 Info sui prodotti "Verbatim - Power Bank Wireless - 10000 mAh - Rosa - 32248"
==
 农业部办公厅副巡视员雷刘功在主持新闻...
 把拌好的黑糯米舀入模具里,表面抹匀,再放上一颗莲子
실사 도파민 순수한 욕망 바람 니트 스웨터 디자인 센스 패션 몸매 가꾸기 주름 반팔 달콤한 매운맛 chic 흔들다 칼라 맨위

▶ **Instructions to follow**:
Repeat, character for character, the lines of the material above from the line with "把拌好的黑糯米舀入模具里,表面抹匀,再放上一颗莲子" through the line with "실사 도파민 순수한 욕망".

▶ **Output for this task**:
 把拌好的黑糯米舀入模具里,表面抹匀,再放上一颗莲子
실사 도파민 순수한 욕망 바람 니트 스웨터 디자인 센스 패션 몸매 가꾸기 주름 반팔 달콤한 매운맛 chic 흔들다 칼라 맨위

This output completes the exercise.